> **Exercise prompt**
Could you retype, exactly and with no pictures, only the lines from the first line of the records below through the line that contains "sekcja Ustawienie pierwszego"?

======== Extracted material ========

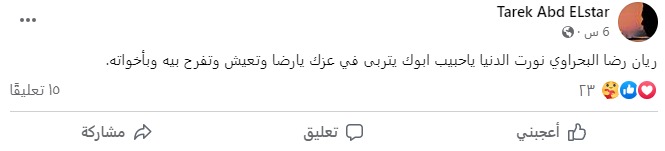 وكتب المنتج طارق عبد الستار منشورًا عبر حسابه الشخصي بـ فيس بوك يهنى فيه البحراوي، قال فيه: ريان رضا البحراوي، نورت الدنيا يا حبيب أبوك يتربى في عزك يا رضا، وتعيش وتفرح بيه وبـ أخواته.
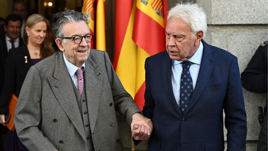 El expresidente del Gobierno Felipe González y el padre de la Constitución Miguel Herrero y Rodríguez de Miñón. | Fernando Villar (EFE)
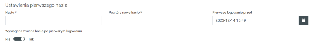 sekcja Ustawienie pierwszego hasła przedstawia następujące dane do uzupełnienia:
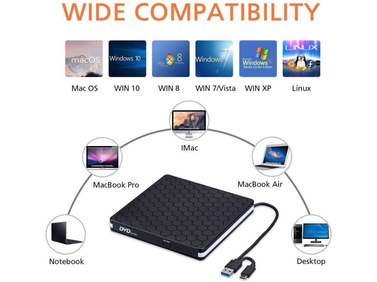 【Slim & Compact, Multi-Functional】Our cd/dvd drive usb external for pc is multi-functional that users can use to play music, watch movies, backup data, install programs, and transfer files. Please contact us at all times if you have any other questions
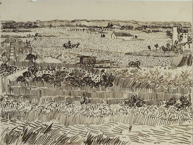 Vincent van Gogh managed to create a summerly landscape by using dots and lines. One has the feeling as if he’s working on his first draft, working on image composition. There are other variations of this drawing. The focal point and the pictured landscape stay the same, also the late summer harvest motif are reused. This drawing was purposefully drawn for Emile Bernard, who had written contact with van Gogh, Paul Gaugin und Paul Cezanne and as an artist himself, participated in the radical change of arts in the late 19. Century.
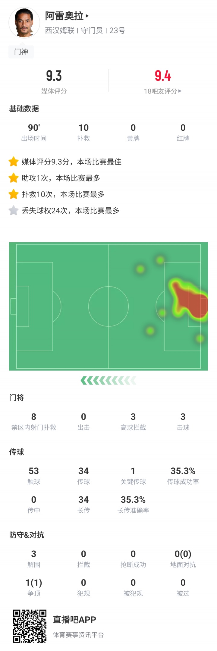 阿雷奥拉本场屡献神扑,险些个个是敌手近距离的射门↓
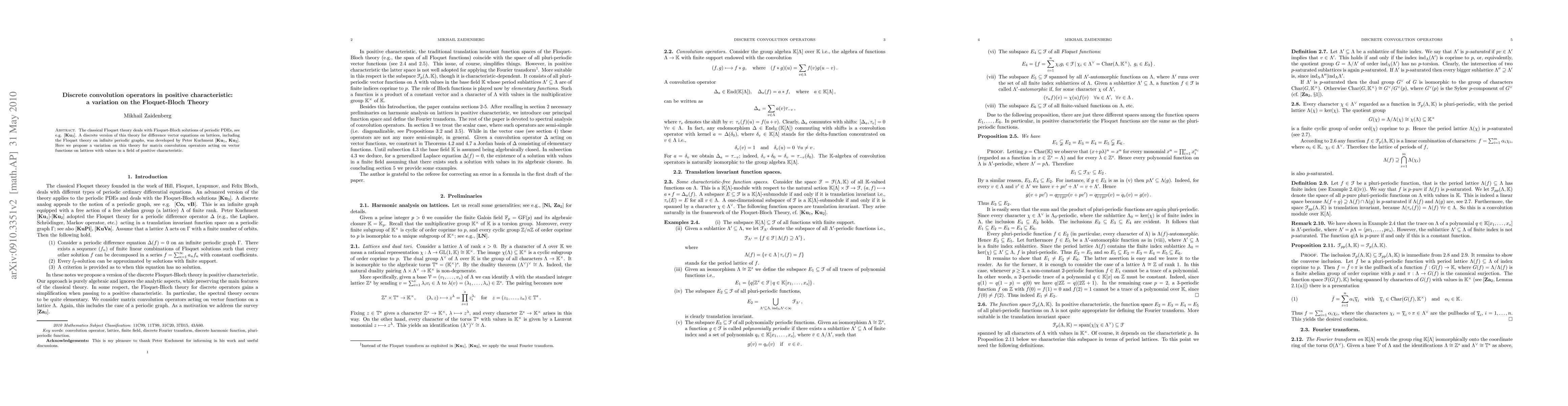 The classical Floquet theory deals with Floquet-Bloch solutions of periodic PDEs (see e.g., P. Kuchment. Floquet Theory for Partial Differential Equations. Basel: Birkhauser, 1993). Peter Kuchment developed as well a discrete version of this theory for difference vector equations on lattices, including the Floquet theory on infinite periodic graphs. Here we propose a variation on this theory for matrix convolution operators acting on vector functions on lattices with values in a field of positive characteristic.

========

> **Completed task**
 وكتب المنتج طارق عبد الستار منشورًا عبر حسابه الشخصي بـ فيس بوك يهنى فيه البحراوي، قال فيه: ريان رضا البحراوي، نورت الدنيا يا حبيب أبوك يتربى في عزك يا رضا، وتعيش وتفرح بيه وبـ أخواته.
 El expresidente del Gobierno Felipe González y el padre de la Constitución Miguel Herrero y Rodríguez de Miñón. | Fernando Villar (EFE)
 sekcja Ustawienie pierwszego hasła przedstawia następujące dane do uzupełnienia:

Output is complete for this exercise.